Again, I stipulated that a winemaker might agree with Parker's taste. But the point of the term is to specify Parker's taste as opposed to the winemakers. If one meant merely a taste that Parker and a set of winemakers shared, then the term is inflammatory and should be traded in for one that simply points to the aspects of the wine one is referencing.

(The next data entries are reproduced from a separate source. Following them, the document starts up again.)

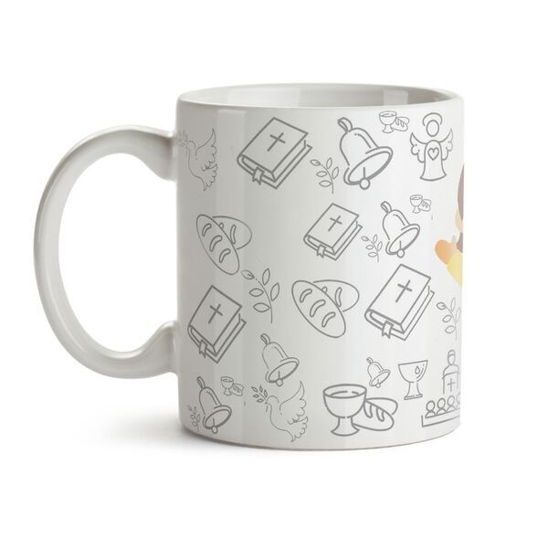 Descriçãoprodutos religiosos - demonstre toda a sua fé seja para você mesmo ou para aquela pessoa que tanto ama! informaçõescapacidade até 320ml resistente a microondas e lava-louças altura: 10cm largura (contando com a alça) 12cm.
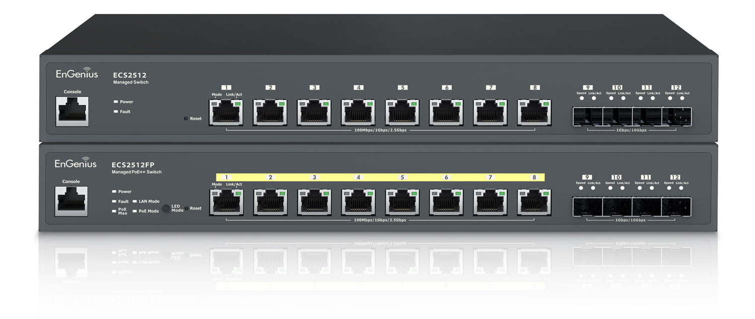 EnGenius has released a new series multi-gigabit PoE++ L2+ networking switches with multiple NBASE-T ports. The EnGenius ECS2512FP and ECS2512 switches are designed for enterprise-class environments. Along with fast multi-gig switching capabilities, the ECS2512FP also provides PoE++ that delivers power to remote, high-performance devices like Wi-Fi 6 access points.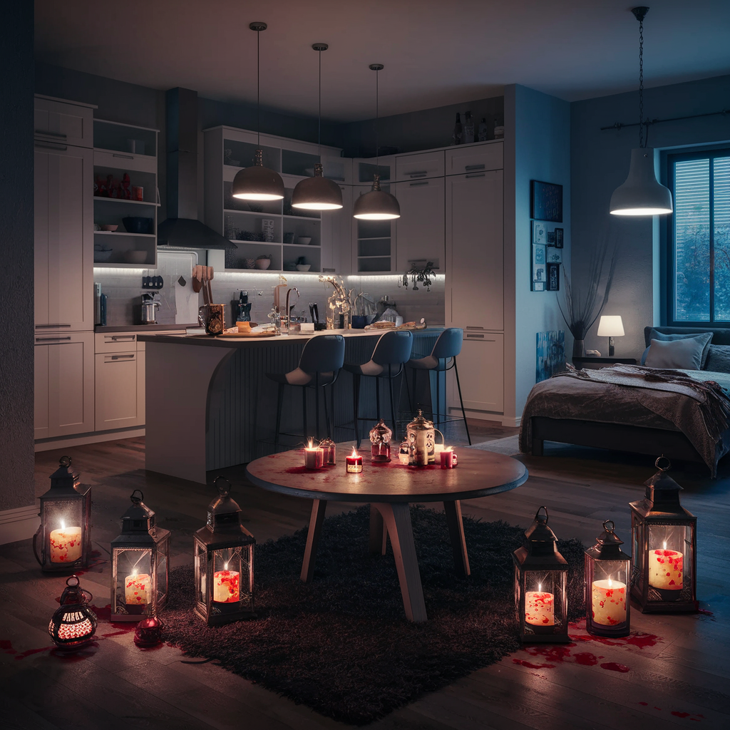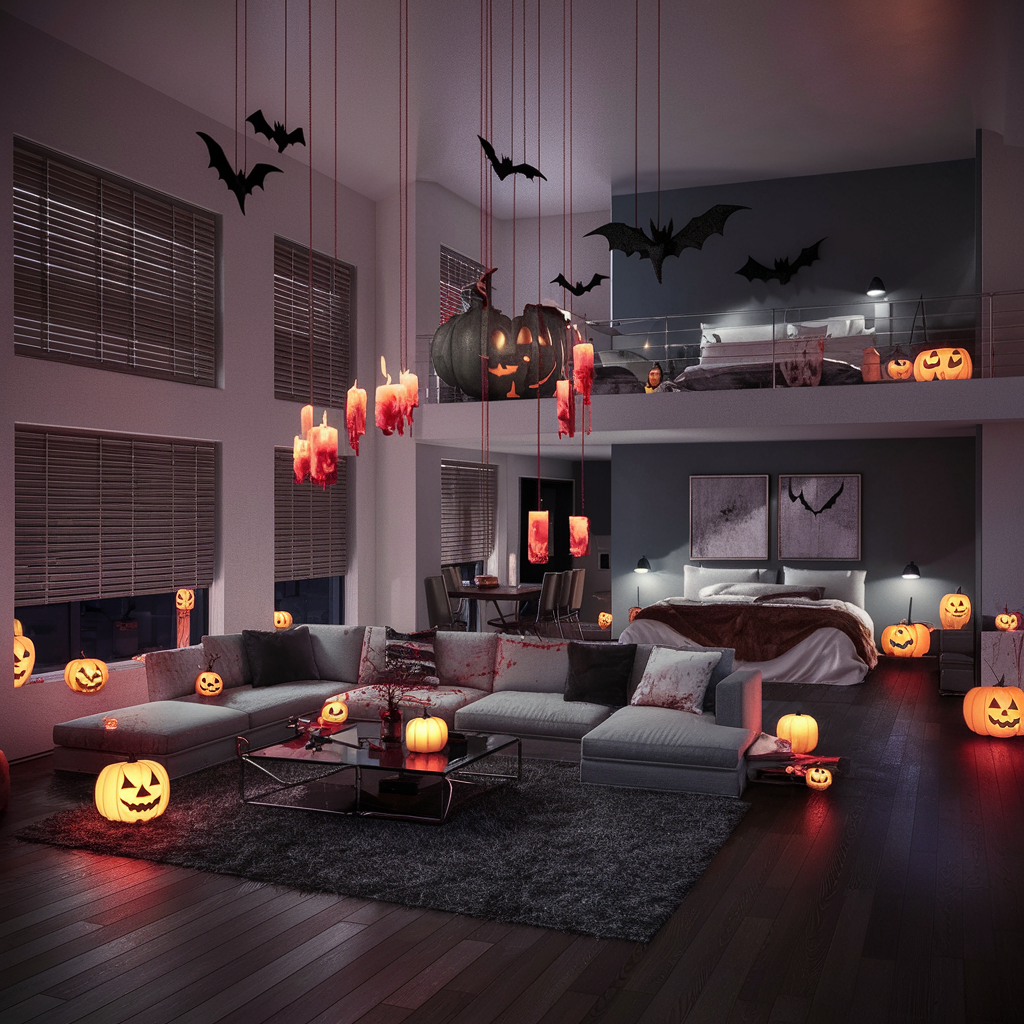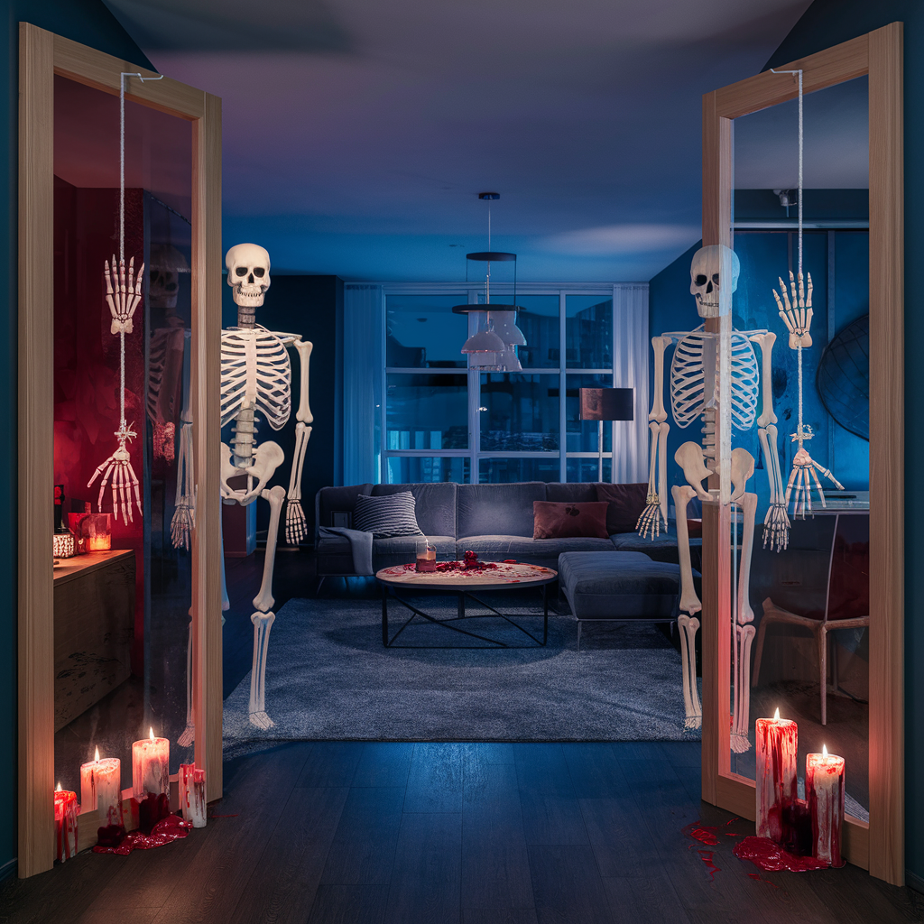 Skeletons are a Halloween classic that can be utilized creatively all through your apartment. You can put a life-sized skeleton on the sofa or at the dining table so they can be surprised in a spooky way. Hang skeleton hands from door frames or have skeleton figures climbing up the walls. Candles with the red “blood” dripping from them can add more to the diabolical atmosphere. This concept may be implemented in all rooms, from the living room to the bedroom, thus ensuring that the apartment is prepared for Halloween.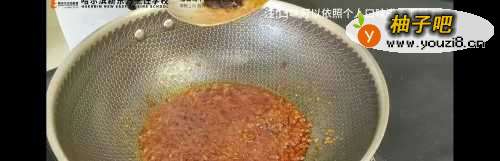 7锅中放入油,放入香辣酱,加辣椒酱(能依照个人口味进行调整),加入郫县豆瓣酱(能依照个人口味进行调整),进行炒香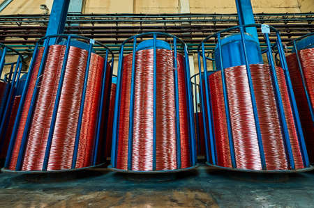 Copper wire reels in cable factory close up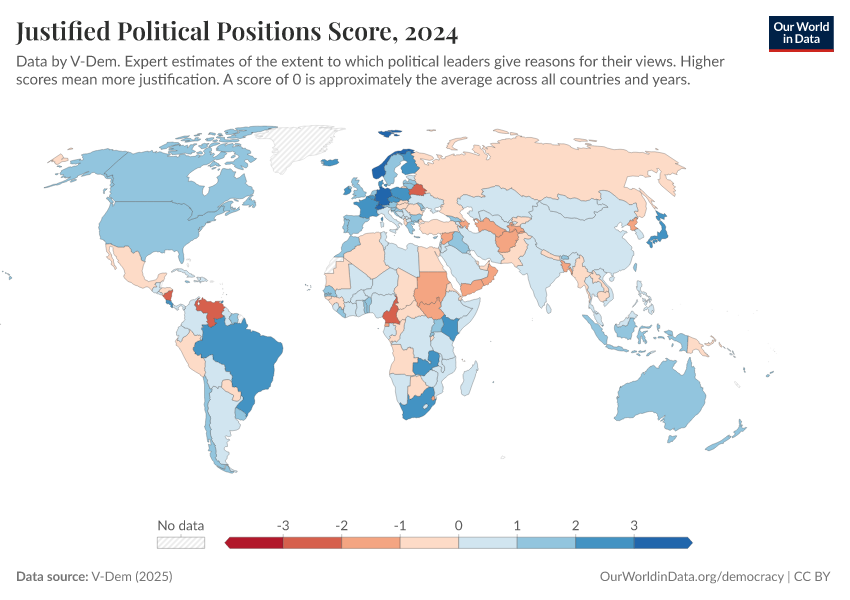 “Data Page: Justified political positions”, part of the following publication: Bastian Herre, Lucas Rodés-Guirao, and Esteban Ortiz-Ospina (2013) - “Democracy”. Data adapted from V-Dem. Retrieved from https://data-chartpreview-unify.owid.pages.dev:8789/20260204-170225/grapher/justified-political-positions-score.html [online resource] (archived on February 4, 2026).How to cite this data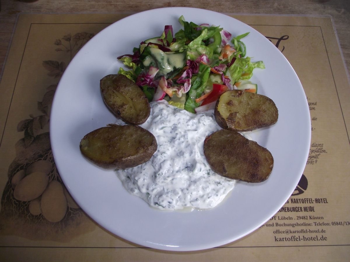 In der Zwischenzeit Quark mit Milch, gewürfelte Zwiebeln, Kräutern verrühren und zusammen mit den Kartoffeln anrichten.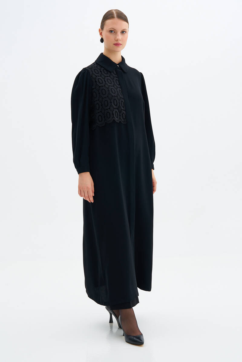 Yeşil Anler Detaylı Fermuarlı Ferace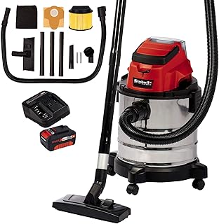 Einhell Akku Nass-Trockensauger TC-VC 18/20 Li S Kit Power X-Change (Li-Ion, 86 Db, 8 kPa, 20L, Edelstahlbehälter, 1, 5 m Saugschlauch, inkl. umfangreichem Zubehör, mit 3,0 Ah Akku und Ladegerät)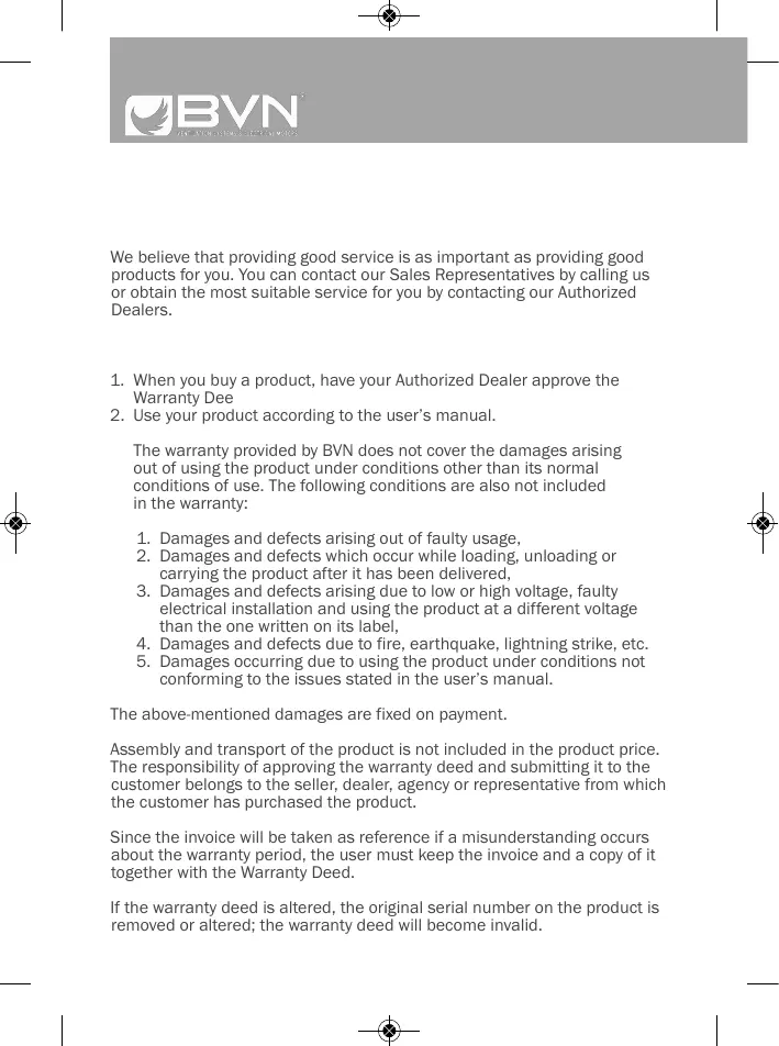 The warranty provided by BVN does not cover the damages arising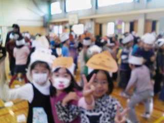 今日はハロウィンパーティーです。一年生に一生懸命作ったカードをわたしました。

The same argument goes for spoofing. The word pretty obviously connotes decking out, falsifying (from a spoof). Although it is entirely possible to have a taste for the kind of wine another person would declare spoofed, a person who likes that wine would never call it spoofed, precisely because of the connotation of the words. I see nothing wrong with using evaluative labels. But using them while declaring that they are merely pointing terms is invidious when done knowingly and destructive of the ability to think clearly when done unawares. One interest of this thread, as well as one like it on Therapy has been the way that, as it has clarified denotations and connotations of the term, it has looked either like they need to be cleared up or, the Parker people are right and it is just an accusatory term for a wine one doesn't like and should be abandoned. I would rather it were not abandoned, but that will mean restricting its reference to an accusation rather than just a taste distinction.